§ TO DO: In the records below, the relevant part opens with the line containing "根據(jù)四川九州電子科技" and closes with the line containing "綠色摩托車、綠色郵包、絳紅色"; print that part exactly and only, without its pictures.

Entries taken from a collection
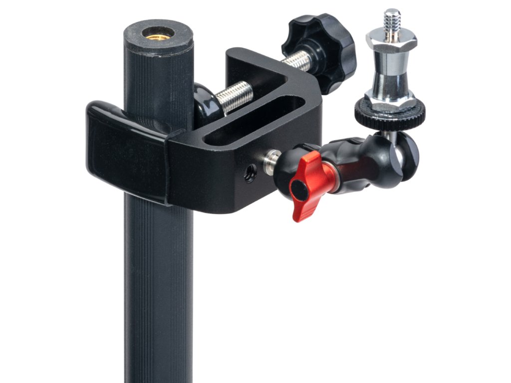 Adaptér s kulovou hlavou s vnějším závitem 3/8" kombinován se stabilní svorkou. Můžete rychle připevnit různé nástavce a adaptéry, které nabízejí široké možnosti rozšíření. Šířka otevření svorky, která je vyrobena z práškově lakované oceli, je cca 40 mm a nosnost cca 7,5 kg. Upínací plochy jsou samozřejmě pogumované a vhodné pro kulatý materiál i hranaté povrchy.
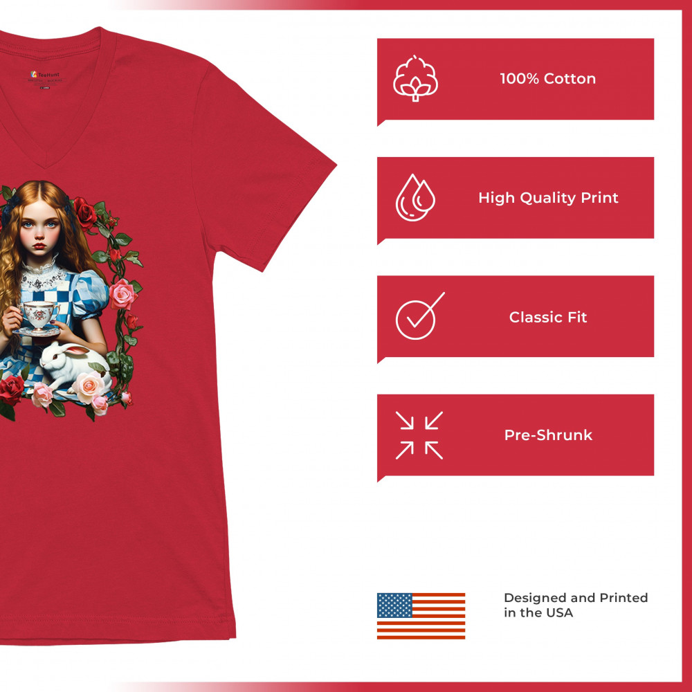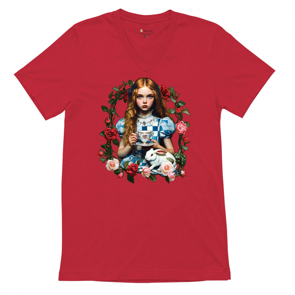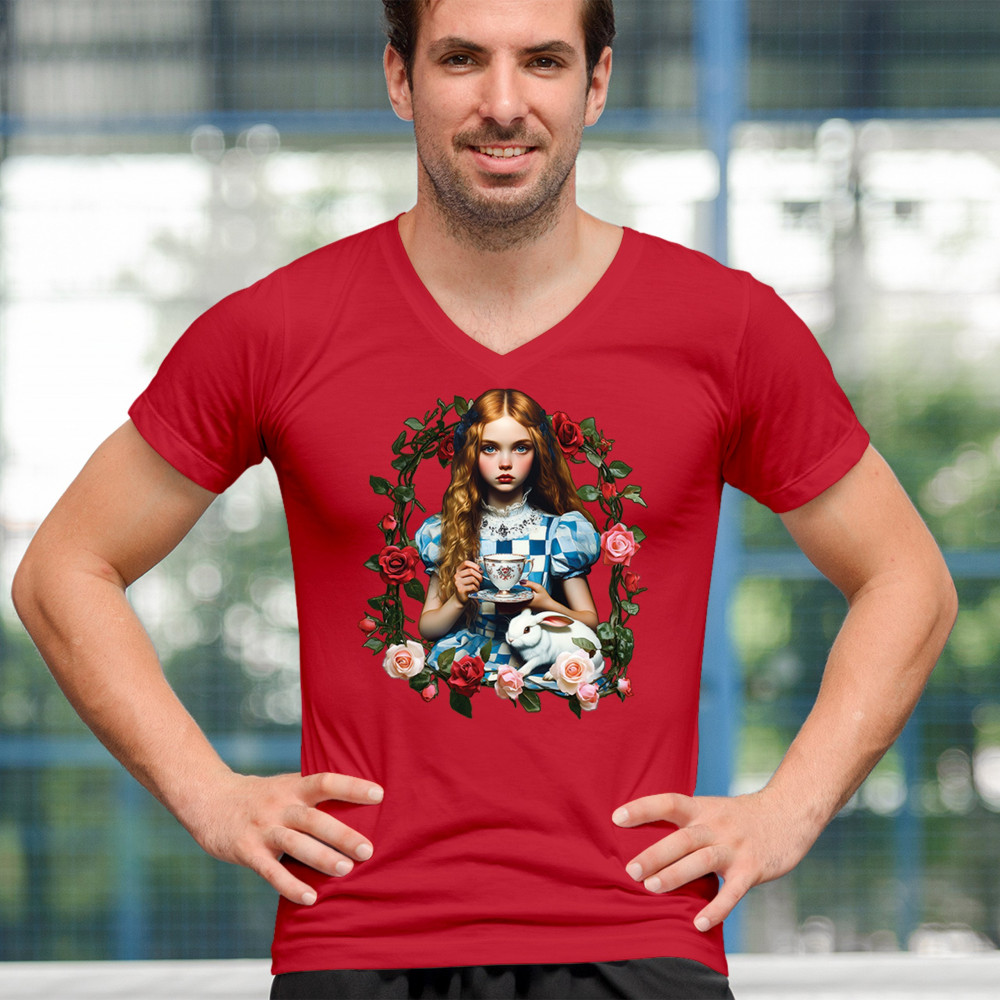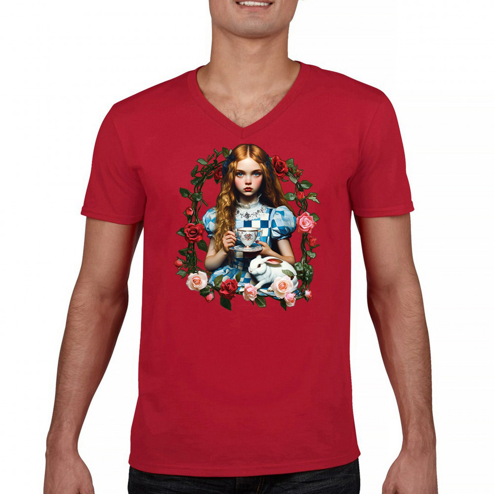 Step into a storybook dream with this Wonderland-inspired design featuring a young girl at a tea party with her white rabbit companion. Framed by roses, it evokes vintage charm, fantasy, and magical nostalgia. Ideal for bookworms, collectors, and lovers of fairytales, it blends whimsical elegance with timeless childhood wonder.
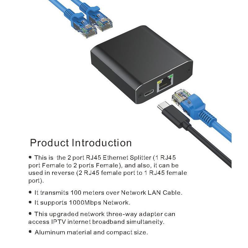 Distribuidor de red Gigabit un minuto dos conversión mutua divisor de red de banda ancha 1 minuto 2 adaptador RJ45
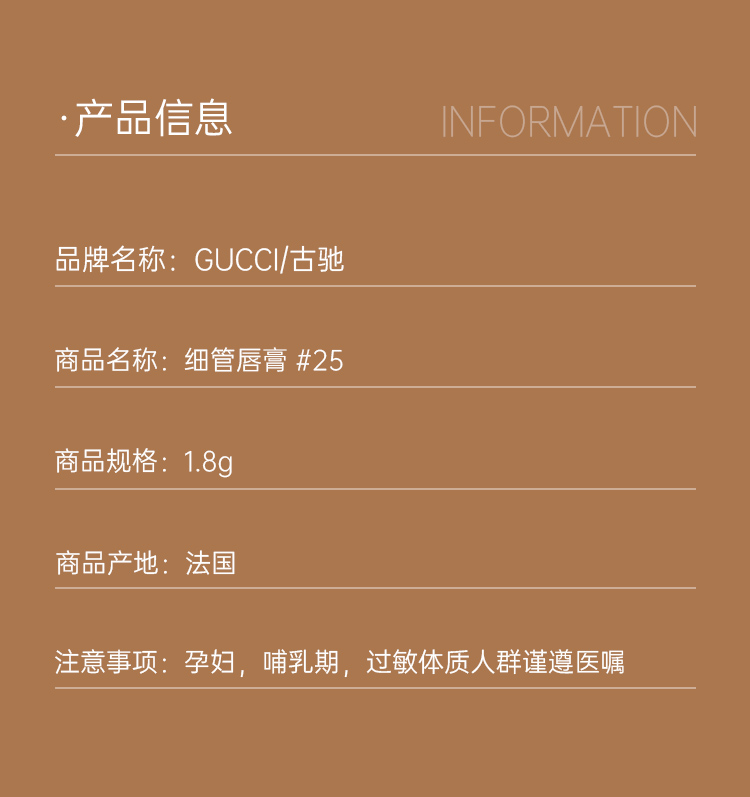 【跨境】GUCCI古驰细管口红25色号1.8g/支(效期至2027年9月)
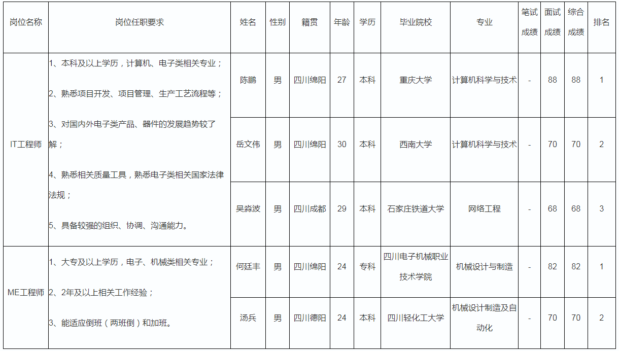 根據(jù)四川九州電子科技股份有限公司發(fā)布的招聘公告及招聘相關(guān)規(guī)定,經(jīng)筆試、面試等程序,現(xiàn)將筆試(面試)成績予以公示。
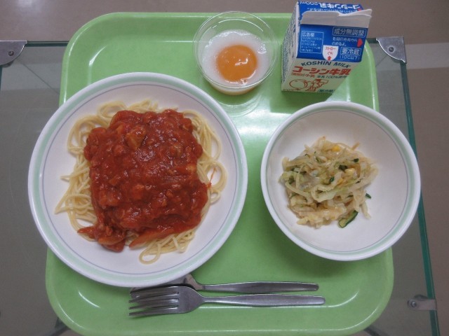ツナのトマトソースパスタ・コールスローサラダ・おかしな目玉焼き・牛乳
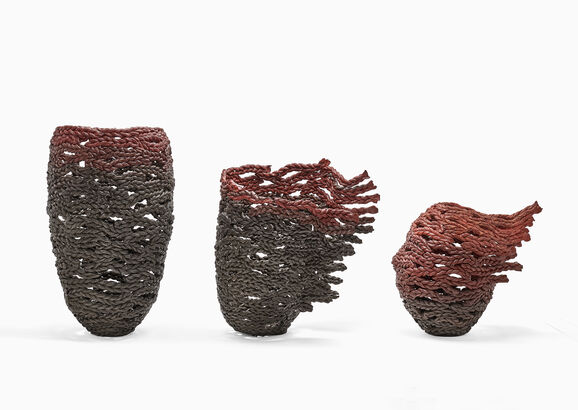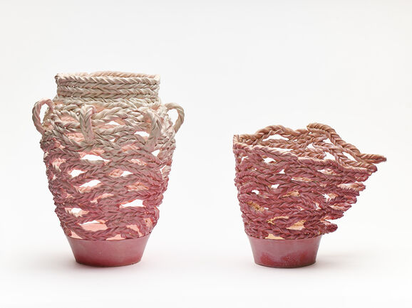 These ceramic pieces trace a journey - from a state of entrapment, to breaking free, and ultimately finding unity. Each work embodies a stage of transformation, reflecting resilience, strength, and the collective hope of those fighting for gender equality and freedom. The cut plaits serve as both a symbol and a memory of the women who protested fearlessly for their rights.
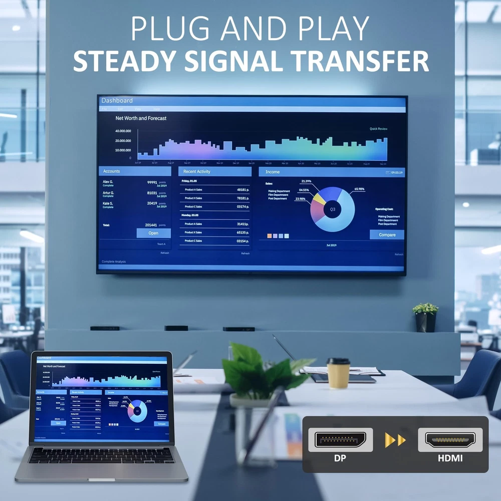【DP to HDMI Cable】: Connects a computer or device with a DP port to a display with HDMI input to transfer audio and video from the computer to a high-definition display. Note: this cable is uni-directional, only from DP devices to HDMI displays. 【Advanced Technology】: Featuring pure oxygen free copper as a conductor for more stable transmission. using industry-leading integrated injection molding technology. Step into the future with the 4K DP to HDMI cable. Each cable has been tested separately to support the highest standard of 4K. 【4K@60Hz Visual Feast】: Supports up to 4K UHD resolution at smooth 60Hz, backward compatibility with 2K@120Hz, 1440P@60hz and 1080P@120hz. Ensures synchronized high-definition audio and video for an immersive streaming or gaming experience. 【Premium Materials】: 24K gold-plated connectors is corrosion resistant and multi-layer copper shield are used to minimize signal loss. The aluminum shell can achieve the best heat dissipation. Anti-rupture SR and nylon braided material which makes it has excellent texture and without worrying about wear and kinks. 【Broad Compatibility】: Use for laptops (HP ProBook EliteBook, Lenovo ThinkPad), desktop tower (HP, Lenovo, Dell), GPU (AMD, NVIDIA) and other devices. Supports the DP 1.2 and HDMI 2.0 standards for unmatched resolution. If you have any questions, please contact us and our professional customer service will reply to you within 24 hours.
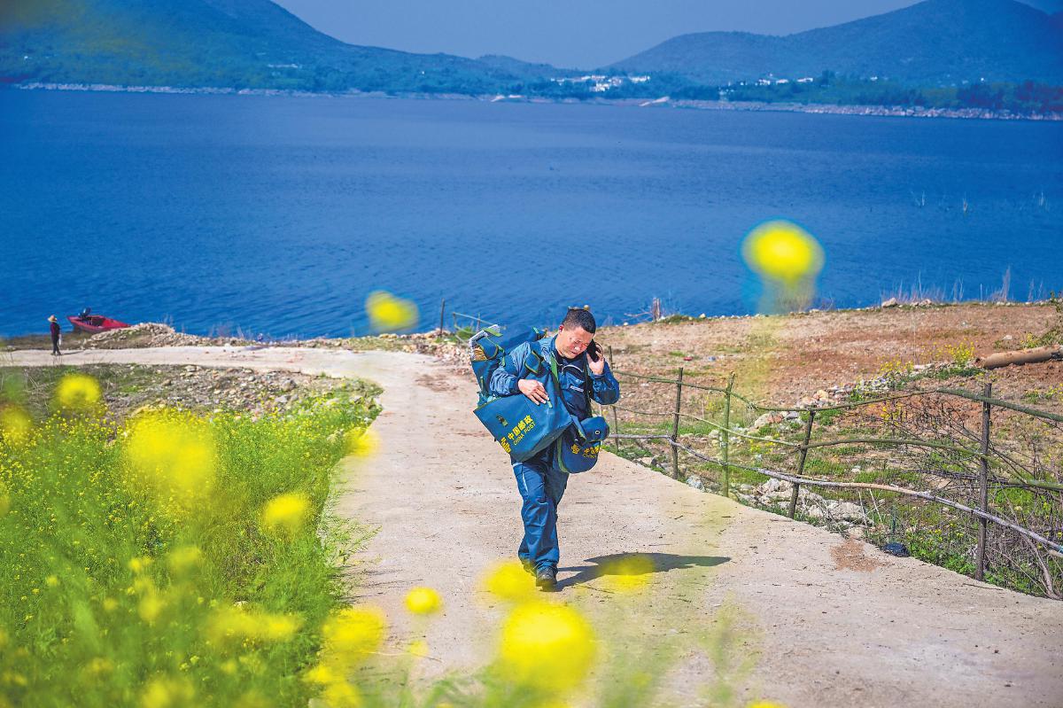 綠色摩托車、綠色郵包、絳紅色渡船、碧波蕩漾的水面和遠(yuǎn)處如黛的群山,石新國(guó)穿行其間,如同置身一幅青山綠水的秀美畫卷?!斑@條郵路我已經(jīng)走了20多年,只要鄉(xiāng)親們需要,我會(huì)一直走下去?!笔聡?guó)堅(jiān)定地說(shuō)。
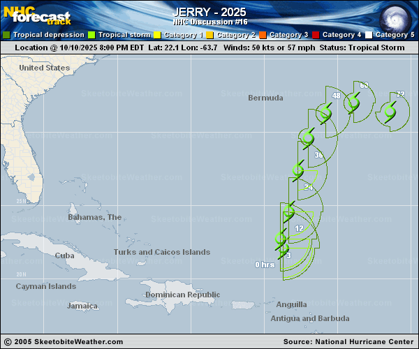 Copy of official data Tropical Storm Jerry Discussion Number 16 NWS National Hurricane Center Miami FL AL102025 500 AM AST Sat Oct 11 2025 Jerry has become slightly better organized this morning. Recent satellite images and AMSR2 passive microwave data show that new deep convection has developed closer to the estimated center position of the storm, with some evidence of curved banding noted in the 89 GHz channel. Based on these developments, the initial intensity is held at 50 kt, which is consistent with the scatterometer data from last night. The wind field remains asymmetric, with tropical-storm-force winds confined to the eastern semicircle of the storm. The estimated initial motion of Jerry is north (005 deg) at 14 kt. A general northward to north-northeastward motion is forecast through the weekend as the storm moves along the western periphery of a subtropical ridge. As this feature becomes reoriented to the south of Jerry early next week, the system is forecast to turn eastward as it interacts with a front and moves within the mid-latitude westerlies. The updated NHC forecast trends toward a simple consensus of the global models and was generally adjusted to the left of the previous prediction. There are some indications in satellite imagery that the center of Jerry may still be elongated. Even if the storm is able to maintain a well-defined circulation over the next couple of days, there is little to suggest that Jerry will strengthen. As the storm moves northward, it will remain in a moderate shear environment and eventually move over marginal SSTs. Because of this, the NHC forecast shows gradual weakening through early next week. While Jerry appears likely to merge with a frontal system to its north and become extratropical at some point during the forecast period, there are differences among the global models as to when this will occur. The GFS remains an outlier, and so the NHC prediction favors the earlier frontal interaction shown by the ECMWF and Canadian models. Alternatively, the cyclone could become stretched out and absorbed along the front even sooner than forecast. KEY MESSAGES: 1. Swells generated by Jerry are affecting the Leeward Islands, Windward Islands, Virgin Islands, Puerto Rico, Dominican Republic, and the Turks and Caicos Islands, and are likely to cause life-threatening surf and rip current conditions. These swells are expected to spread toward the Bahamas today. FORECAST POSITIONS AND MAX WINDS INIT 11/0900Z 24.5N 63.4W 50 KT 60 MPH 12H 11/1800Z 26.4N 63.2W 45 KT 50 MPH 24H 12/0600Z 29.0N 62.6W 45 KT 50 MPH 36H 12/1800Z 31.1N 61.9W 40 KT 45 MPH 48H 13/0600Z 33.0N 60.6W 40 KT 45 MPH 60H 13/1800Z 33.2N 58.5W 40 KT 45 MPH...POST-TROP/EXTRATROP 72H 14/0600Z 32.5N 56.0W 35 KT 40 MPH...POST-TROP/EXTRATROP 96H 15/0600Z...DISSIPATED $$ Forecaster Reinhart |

§ FINAL ANSWER:
 根據(jù)四川九州電子科技股份有限公司發(fā)布的招聘公告及招聘相關(guān)規(guī)定,經(jīng)筆試、面試等程序,現(xiàn)將筆試(面試)成績予以公示。
ツナのトマトソースパスタ・コールスローサラダ・おかしな目玉焼き・牛乳
 These ceramic pieces trace a journey - from a state of entrapment, to breaking free, and ultimately finding unity. Each work embodies a stage of transformation, reflecting resilience, strength, and the collective hope of those fighting for gender equality and freedom. The cut plaits serve as both a symbol and a memory of the women who protested fearlessly for their rights.
【DP to HDMI Cable】: Connects a computer or device with a DP port to a display with HDMI input to transfer audio and video from the computer to a high-definition display. Note: this cable is uni-directional, only from DP devices to HDMI displays. 【Advanced Technology】: Featuring pure oxygen free copper as a conductor for more stable transmission. using industry-leading integrated injection molding technology. Step into the future with the 4K DP to HDMI cable. Each cable has been tested separately to support the highest standard of 4K. 【4K@60Hz Visual Feast】: Supports up to 4K UHD resolution at smooth 60Hz, backward compatibility with 2K@120Hz, 1440P@60hz and 1080P@120hz. Ensures synchronized high-definition audio and video for an immersive streaming or gaming experience. 【Premium Materials】: 24K gold-plated connectors is corrosion resistant and multi-layer copper shield are used to minimize signal loss. The aluminum shell can achieve the best heat dissipation. Anti-rupture SR and nylon braided material which makes it has excellent texture and without worrying about wear and kinks. 【Broad Compatibility】: Use for laptops (HP ProBook EliteBook, Lenovo ThinkPad), desktop tower (HP, Lenovo, Dell), GPU (AMD, NVIDIA) and other devices. Supports the DP 1.2 and HDMI 2.0 standards for unmatched resolution. If you have any questions, please contact us and our professional customer service will reply to you within 24 hours.
 綠色摩托車、綠色郵包、絳紅色渡船、碧波蕩漾的水面和遠(yuǎn)處如黛的群山,石新國(guó)穿行其間,如同置身一幅青山綠水的秀美畫卷?!斑@條郵路我已經(jīng)走了20多年,只要鄉(xiāng)親們需要,我會(huì)一直走下去?!笔聡?guó)堅(jiān)定地說(shuō)。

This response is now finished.